== Segment start ==

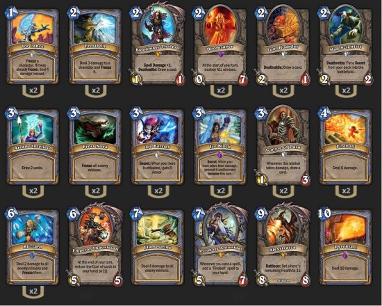 这次我不打算向大家一一介绍其中的关键卡牌了,因为和老版的冰法卡组相比,这套卡组的用法并没有明显的变化,但是我希望向大家介绍一下三个比较常见的对手。
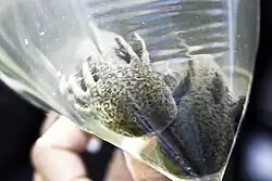 The most representative animal found in these waters is the axolotl (Ambystoma mexicanum). This amphibian was used as a medicine, food and ceremonial object during the Aztec Empire. It was considered to be an incarnation of the god Xolotl, brother of Quetzalcoatl. It has been studied due to its abilities to regenerate limbs and other body parts. It can also reach sexual maturity as a larva, which no other amphibian can do. While mostly aquatic, it does have limited ability to breathe air.[24] As of 2003, there were only 600 axolotls known to exist in the wild.[23] Most of the threat to the species is loss of habitat and pollution, but the introduction of non-native fish such as tilapia has also had disastrous effects on the population of this and other species.[23] Conservation efforts include research and environmental education.[24] The Grupo de Investigación del Ajolote en Xochimilco (GIA-X) is a nonprofit research group dedicated to the preservation of the axolotl, which is in danger of extinction. It works to better understand the creature as well as with the local community to protect what is left of its habitat.[25]
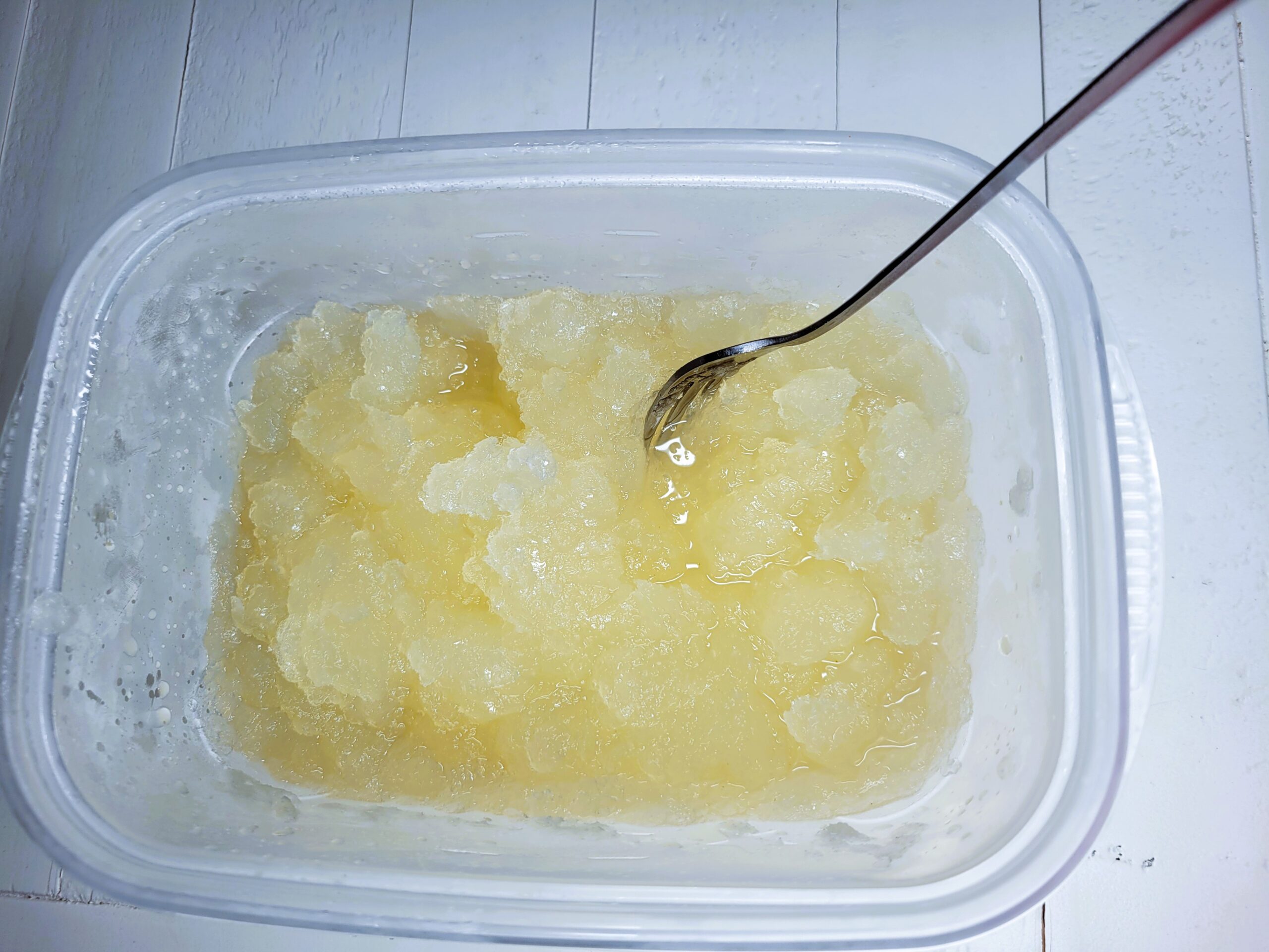 Every 30-45 minutes, take the container out of the freezer stirring and scraping the ice. Make sure that the ice is scraped away from the sides of the container.
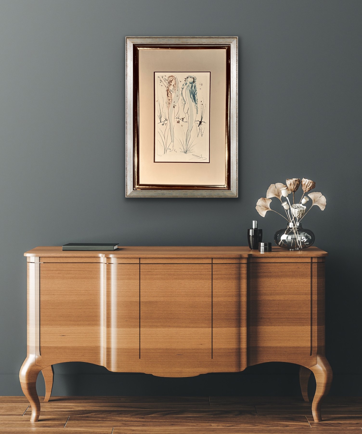 Dalí, jako ikona surrealizmu, wprowadził do tej pracy swoją charakterystyczną, oniryczną estetykę, łącząc biblijne inspiracje z fantastycznymi elementami. Dzieło przedstawia eteryczne figury z miękkimi, złotymi akcentami, co nadaje pracy mistyczny i romantyczny charakter, zgodny z tematyką "Pieśni nad Pieśniami".

== Segment end ==

Exact output of each line above is wanted, without the pictures.

 这次我不打算向大家一一介绍其中的关键卡牌了,因为和老版的冰法卡组相比,这套卡组的用法并没有明显的变化,但是我希望向大家介绍一下三个比较常见的对手。
 The most representative animal found in these waters is the axolotl (Ambystoma mexicanum). This amphibian was used as a medicine, food and ceremonial object during the Aztec Empire. It was considered to be an incarnation of the god Xolotl, brother of Quetzalcoatl. It has been studied due to its abilities to regenerate limbs and other body parts. It can also reach sexual maturity as a larva, which no other amphibian can do. While mostly aquatic, it does have limited ability to breathe air.[24] As of 2003, there were only 600 axolotls known to exist in the wild.[23] Most of the threat to the species is loss of habitat and pollution, but the introduction of non-native fish such as tilapia has also had disastrous effects on the population of this and other species.[23] Conservation efforts include research and environmental education.[24] The Grupo de Investigación del Ajolote en Xochimilco (GIA-X) is a nonprofit research group dedicated to the preservation of the axolotl, which is in danger of extinction. It works to better understand the creature as well as with the local community to protect what is left of its habitat.[25]
 Every 30-45 minutes, take the container out of the freezer stirring and scraping the ice. Make sure that the ice is scraped away from the sides of the container.
 Dalí, jako ikona surrealizmu, wprowadził do tej pracy swoją charakterystyczną, oniryczną estetykę, łącząc biblijne inspiracje z fantastycznymi elementami. Dzieło przedstawia eteryczne figury z miękkimi, złotymi akcentami, co nadaje pracy mistyczny i romantyczny charakter, zgodny z tematyką "Pieśni nad Pieśniami".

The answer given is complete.